Records from a data source
+ + +
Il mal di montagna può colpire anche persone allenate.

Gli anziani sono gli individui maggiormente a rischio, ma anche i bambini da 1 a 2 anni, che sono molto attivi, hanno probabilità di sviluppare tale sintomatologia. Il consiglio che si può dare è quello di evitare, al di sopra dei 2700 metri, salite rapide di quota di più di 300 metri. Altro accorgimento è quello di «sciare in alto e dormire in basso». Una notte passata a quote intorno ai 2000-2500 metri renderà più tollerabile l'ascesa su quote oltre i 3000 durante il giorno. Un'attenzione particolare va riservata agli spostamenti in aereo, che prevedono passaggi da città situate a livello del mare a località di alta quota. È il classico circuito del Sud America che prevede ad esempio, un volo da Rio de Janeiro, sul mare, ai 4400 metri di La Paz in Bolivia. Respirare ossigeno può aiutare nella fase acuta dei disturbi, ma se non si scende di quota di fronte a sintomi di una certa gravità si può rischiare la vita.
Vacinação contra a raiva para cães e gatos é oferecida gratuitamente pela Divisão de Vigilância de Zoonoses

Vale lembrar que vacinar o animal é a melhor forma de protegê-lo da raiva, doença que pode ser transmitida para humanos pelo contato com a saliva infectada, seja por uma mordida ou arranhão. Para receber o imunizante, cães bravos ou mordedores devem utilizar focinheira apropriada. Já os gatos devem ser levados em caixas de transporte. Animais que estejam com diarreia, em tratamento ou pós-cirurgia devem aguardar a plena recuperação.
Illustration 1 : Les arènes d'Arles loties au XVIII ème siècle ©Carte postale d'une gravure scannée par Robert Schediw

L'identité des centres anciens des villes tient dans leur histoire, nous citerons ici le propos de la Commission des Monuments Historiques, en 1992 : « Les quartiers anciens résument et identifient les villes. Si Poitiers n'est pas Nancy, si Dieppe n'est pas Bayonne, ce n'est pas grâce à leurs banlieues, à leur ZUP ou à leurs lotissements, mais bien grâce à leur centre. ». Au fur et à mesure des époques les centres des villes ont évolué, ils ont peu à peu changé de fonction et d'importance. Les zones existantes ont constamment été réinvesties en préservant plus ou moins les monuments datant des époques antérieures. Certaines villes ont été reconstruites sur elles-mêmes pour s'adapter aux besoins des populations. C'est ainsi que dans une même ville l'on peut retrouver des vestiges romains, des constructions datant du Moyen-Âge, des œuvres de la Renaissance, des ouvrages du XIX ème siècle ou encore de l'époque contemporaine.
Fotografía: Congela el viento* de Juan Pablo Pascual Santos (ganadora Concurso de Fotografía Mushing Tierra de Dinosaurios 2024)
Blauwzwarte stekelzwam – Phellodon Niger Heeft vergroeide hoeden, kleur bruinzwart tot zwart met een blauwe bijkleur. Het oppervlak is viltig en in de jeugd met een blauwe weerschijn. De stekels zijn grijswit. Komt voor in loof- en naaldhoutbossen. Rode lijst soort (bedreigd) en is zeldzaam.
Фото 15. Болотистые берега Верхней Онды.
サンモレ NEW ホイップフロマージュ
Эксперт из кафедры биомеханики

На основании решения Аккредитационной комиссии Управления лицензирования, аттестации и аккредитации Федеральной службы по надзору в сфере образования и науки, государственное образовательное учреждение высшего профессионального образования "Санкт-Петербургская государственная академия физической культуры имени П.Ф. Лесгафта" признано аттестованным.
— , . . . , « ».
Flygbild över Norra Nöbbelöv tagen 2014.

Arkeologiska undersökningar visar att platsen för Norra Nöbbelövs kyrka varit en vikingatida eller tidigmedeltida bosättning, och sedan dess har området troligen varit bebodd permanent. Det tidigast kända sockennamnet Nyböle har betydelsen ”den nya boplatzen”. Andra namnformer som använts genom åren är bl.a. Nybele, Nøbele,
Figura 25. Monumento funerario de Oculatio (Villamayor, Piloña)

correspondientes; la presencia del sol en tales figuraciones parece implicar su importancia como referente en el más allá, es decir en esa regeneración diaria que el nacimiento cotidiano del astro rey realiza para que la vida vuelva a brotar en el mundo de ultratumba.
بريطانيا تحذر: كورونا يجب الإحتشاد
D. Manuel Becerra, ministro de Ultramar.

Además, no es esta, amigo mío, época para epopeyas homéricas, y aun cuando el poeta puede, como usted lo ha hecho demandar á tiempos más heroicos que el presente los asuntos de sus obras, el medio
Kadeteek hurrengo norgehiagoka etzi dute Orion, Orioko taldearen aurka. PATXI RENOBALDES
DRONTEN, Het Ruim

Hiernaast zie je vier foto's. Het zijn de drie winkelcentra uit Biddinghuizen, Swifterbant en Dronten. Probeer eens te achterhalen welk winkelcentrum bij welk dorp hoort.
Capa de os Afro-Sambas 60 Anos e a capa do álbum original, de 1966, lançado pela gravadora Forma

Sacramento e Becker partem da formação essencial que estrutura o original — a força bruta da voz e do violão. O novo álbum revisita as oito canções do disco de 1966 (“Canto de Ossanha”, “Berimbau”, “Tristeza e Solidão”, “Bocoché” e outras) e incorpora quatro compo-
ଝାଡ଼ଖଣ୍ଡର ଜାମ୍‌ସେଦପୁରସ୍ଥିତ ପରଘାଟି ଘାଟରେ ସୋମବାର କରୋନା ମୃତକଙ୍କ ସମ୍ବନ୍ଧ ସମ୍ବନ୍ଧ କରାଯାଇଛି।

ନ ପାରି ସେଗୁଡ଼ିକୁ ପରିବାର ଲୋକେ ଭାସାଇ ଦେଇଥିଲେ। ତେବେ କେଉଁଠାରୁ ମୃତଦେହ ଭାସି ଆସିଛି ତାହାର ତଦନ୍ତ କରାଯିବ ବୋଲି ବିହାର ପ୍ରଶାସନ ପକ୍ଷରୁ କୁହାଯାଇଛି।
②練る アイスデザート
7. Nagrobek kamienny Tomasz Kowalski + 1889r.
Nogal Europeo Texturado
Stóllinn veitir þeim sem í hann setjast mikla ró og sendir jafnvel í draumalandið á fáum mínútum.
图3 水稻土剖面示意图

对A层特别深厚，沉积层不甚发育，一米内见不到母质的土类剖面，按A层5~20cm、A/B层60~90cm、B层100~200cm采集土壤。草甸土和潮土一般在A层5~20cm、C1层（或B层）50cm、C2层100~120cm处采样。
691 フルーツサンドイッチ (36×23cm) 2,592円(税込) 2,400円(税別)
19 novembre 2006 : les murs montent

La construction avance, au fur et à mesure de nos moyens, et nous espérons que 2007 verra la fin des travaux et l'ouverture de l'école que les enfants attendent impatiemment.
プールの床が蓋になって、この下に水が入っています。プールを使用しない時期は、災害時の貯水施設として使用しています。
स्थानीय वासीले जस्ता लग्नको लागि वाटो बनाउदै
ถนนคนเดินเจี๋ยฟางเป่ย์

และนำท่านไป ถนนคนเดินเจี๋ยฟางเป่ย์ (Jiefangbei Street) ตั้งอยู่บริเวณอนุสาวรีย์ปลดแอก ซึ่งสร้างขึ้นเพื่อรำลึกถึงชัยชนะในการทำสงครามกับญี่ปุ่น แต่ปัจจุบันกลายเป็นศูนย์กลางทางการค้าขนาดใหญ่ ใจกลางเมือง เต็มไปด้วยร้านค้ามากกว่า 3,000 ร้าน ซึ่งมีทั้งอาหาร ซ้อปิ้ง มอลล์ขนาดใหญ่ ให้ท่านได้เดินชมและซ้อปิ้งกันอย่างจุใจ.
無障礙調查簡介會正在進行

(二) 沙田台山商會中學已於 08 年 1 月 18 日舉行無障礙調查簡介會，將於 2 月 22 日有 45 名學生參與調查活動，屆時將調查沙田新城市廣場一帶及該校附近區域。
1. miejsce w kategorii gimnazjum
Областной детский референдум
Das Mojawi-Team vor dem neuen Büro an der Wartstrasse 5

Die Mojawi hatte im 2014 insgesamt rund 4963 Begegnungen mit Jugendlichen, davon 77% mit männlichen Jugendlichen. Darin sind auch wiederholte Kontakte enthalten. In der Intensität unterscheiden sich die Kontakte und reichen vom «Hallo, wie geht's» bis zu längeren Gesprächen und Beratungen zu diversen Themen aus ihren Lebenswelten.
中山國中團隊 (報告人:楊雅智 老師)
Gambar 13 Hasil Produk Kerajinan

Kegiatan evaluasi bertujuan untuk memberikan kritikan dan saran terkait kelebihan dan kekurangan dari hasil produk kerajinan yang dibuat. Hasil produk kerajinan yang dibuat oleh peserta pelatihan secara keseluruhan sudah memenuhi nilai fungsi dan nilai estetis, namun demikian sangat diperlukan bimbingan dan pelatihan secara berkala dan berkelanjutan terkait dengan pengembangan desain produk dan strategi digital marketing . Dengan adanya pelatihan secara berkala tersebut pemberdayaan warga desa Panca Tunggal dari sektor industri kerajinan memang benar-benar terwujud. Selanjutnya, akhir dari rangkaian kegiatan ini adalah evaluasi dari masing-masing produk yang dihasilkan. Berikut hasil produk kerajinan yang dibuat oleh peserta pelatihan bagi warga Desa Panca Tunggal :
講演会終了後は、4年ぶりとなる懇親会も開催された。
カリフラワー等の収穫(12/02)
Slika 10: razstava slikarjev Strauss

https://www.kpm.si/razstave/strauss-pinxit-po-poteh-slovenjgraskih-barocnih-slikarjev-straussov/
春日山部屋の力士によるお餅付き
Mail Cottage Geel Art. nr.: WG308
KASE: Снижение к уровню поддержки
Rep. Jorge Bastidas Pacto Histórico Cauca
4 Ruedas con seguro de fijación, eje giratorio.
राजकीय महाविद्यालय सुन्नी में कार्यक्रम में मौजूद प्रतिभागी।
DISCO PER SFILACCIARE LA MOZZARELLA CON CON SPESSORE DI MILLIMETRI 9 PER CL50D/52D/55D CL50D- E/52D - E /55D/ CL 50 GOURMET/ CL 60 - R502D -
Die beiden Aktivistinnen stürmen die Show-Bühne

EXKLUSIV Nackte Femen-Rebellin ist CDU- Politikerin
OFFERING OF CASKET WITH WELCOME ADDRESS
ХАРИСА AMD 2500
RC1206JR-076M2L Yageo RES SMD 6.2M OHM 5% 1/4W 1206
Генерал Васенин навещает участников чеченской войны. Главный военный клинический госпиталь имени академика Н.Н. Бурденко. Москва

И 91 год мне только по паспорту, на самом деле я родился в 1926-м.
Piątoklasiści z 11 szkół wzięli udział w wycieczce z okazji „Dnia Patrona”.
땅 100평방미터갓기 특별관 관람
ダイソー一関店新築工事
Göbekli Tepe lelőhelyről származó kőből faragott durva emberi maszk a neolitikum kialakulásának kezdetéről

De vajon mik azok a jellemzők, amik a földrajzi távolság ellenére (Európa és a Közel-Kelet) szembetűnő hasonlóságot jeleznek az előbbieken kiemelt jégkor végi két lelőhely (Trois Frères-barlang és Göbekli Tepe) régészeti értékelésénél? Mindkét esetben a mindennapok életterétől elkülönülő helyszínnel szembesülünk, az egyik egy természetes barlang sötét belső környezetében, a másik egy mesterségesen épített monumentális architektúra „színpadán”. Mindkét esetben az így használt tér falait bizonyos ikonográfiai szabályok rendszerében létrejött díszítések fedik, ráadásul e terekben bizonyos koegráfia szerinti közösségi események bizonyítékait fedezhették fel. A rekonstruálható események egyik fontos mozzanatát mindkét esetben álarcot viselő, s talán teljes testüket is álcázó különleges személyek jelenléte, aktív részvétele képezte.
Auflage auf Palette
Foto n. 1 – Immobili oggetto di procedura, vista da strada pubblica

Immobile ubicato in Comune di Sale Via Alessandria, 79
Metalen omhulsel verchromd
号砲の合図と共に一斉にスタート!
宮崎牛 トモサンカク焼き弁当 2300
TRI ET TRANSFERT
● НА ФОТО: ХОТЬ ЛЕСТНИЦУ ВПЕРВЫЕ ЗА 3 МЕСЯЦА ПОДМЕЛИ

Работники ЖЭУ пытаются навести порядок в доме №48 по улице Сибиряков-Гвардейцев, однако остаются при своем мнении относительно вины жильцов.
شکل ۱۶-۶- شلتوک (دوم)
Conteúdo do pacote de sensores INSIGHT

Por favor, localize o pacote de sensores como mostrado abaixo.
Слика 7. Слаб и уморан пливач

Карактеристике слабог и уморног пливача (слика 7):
+ + +
-- TASK DETAILS --
In the entries above, the lines from the one bearing "Kadeteek hurrengo norgehiagoka" up to and including the one bearing "图3 水稻土剖面示意图" should be transcribed exactly; no other line is wanted.

-- SOLVED PROBLEM --
Kadeteek hurrengo norgehiagoka etzi dute Orion, Orioko taldearen aurka. PATXI RENOBALDES
DRONTEN, Het Ruim

Hiernaast zie je vier foto's. Het zijn de drie winkelcentra uit Biddinghuizen, Swifterbant en Dronten. Probeer eens te achterhalen welk winkelcentrum bij welk dorp hoort.
Capa de os Afro-Sambas 60 Anos e a capa do álbum original, de 1966, lançado pela gravadora Forma

Sacramento e Becker partem da formação essencial que estrutura o original — a força bruta da voz e do violão. O novo álbum revisita as oito canções do disco de 1966 (“Canto de Ossanha”, “Berimbau”, “Tristeza e Solidão”, “Bocoché” e outras) e incorpora quatro compo-
ଝାଡ଼ଖଣ୍ଡର ଜାମ୍‌ସେଦପୁରସ୍ଥିତ ପରଘାଟି ଘାଟରେ ସୋମବାର କରୋନା ମୃତକଙ୍କ ସମ୍ବନ୍ଧ ସମ୍ବନ୍ଧ କରାଯାଇଛି।

ନ ପାରି ସେଗୁଡ଼ିକୁ ପରିବାର ଲୋକେ ଭାସାଇ ଦେଇଥିଲେ। ତେବେ କେଉଁଠାରୁ ମୃତଦେହ ଭାସି ଆସିଛି ତାହାର ତଦନ୍ତ କରାଯିବ ବୋଲି ବିହାର ପ୍ରଶାସନ ପକ୍ଷରୁ କୁହାଯାଇଛି।
②練る アイスデザート
7. Nagrobek kamienny Tomasz Kowalski + 1889r.
Nogal Europeo Texturado
Stóllinn veitir þeim sem í hann setjast mikla ró og sendir jafnvel í draumalandið á fáum mínútum.
图3 水稻土剖面示意图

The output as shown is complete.